### Stored items
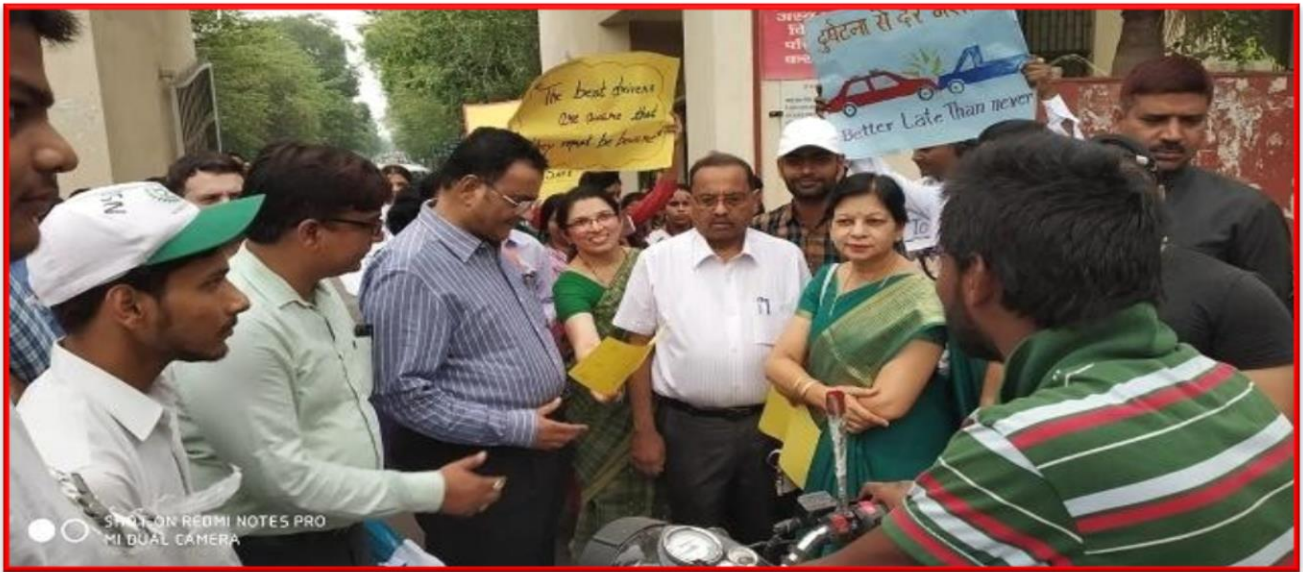
Figure 30 Traffic Rule Awareness Programme

इस अवसर पर स्वयंसेवको ने हेलमेट न लगाने वाले और सीट बेल्ट न लगाने वाले लोगो को गुलाब का फूल देकर यातायात नियमों का पालन करने के लिए प्रेरित किया।
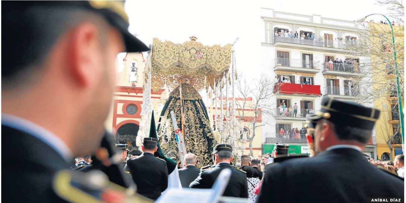
San Roque. Los músicos de la banda de la Cruz Roja acompañan a la Virgen de Gracia y Esperanza. Domingo pleno de gozo en la antigua ronda .

Distribuido para CONFEDERACIÓN DE EMPRESARIOS DE SEVILLA * Este artículo no puede distribuirse sin el consentimiento expreso del dueño de los derechos de autor.
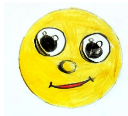
Ilustrácia: Dorotea Pjataková, VI.A

„Nevidíš, veď tam sedí nejaký pán s kávou a vedľa neho stojí krava.“
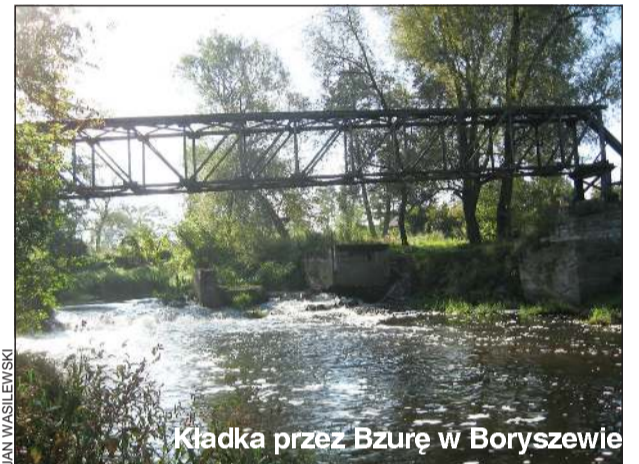
Kładka przez Bzurę w Boryszewie

Jest jeszcze przy ujściu Pisi do Bzury niezwykle malownicza metalowa kładka dla pieszych wykonana kilkadziesiąt lat temu przez boryszewski zakład. Ta służy do dziś nie tylko pracownikom Boryszewa i okolicznym mieszkańcom, ale również wędkarzom.
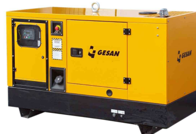
Модель кожухного исполнения

Для уточнения Длительной мощности - COP (ISO 8528/1:2005) проконсультируйтесь у вашего дилера GESAN
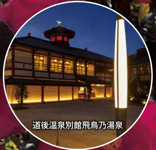
道後温泉別館飛鳥乃湯泉
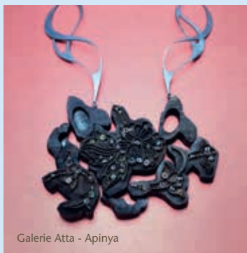
Galerie Atta - Apinya
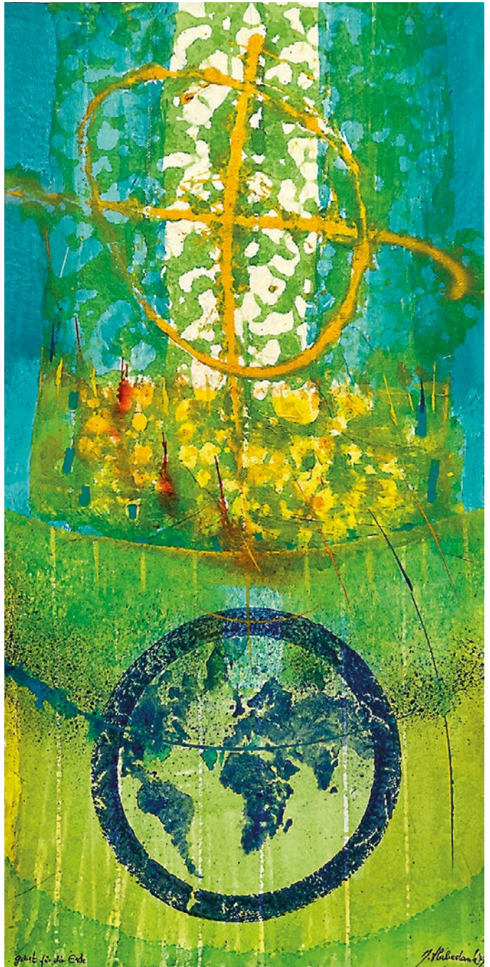
© Bild „ Gebet für die Erde “ - zur Jahreslosung 2023: Jörgen Habedank 2019
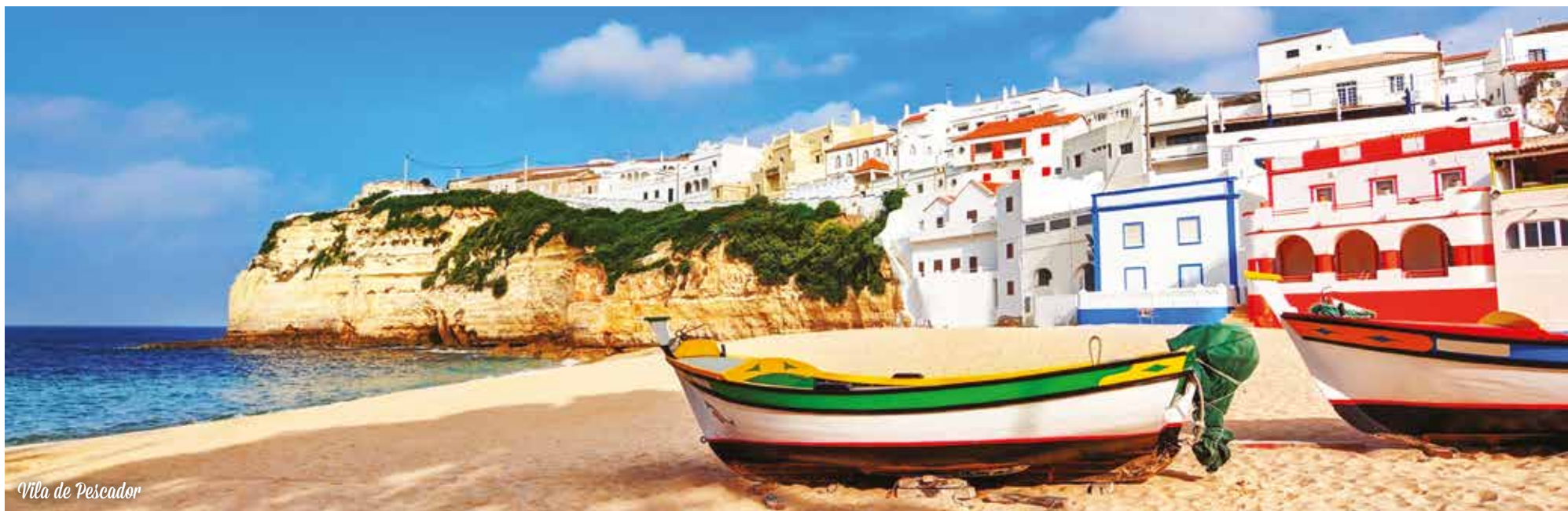
Vila de Pescador
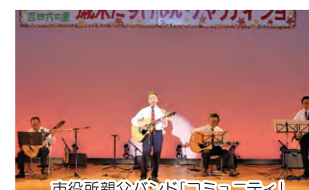
市役所親父バンド「コミュニティ」
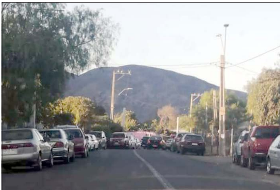
Vehículos afuera del recinto donde se estaba organizando el evento deportivo que reunió a unas 100 personas, algo que está prohibido en pandemia.

También se supo que desde la Seremi de Salud se inició un sumario sanitario.
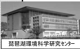
琵琶湖環境科学研究センター
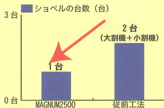
グラフ1. 「MAGNUM2500 の導入前後の小割作業に必要なショベル台数の比較」

当社は ZX225USR でも装着しています。バランスも開閉スピードも問題ないですね。
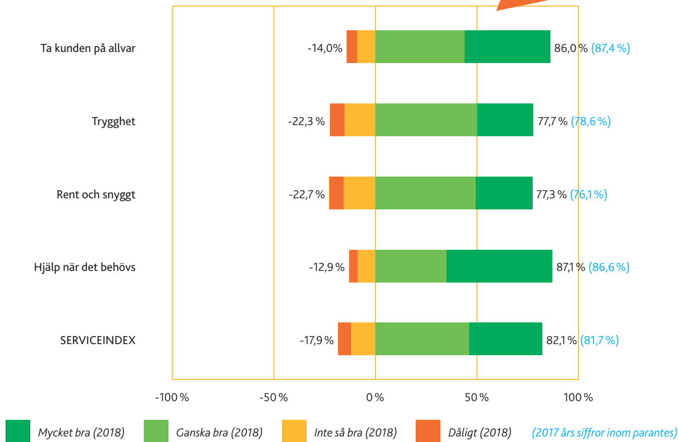
Serviceindex Halmstad 2018

Vill du veta mer om vår kundundersökning? Logga in och läs mer på Mina sidor!
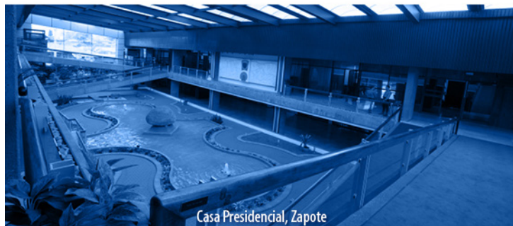
Casa Presidencial, Zapote

NOTA: El expediente legislativo aún no tiene comisión asignada. 1 vez.—Exonerado.—( IN2024846019 ).
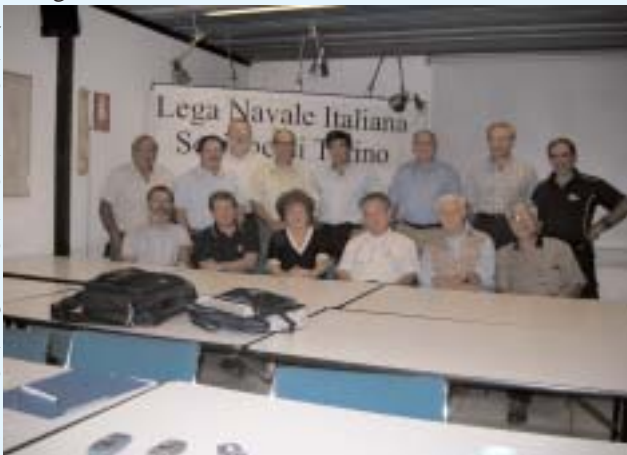
Il nuovo Consiglio Direttivo

Associazione. Molto nutrita, l'agenda impegni dei prossimi mesi. E' in pieno svolgimento il corso autunnale
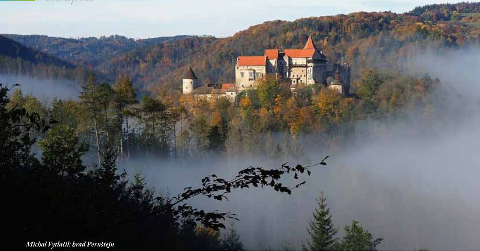
Michal Vytlačil: brad Pernštejn
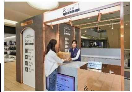
&mall 購入商品を送料無料で受け取り可能
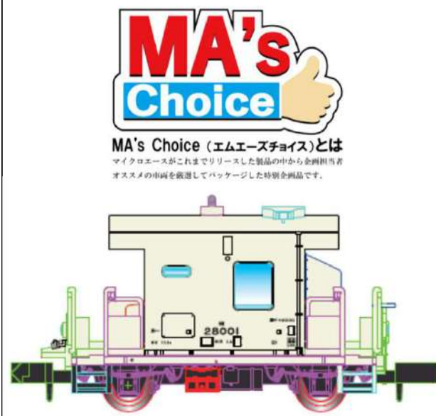
イラストはイメージです

### EXERCISE BRIEF
Find the line with "Jest jeszcze przy" in the data above, and from there retype each line exactly through the line with "Galerie Atta - Apinya", skipping the pictures along the way.

### RESULT OF THE EXERCISE
Jest jeszcze przy ujściu Pisi do Bzury niezwykle malownicza metalowa kładka dla pieszych wykonana kilkadziesiąt lat temu przez boryszewski zakład. Ta służy do dziś nie tylko pracownikom Boryszewa i okolicznym mieszkańcom, ale również wędkarzom.
Модель кожухного исполнения

Для уточнения Длительной мощности - COP (ISO 8528/1:2005) проконсультируйтесь у вашего дилера GESAN
道後温泉別館飛鳥乃湯泉
Galerie Atta - Apinya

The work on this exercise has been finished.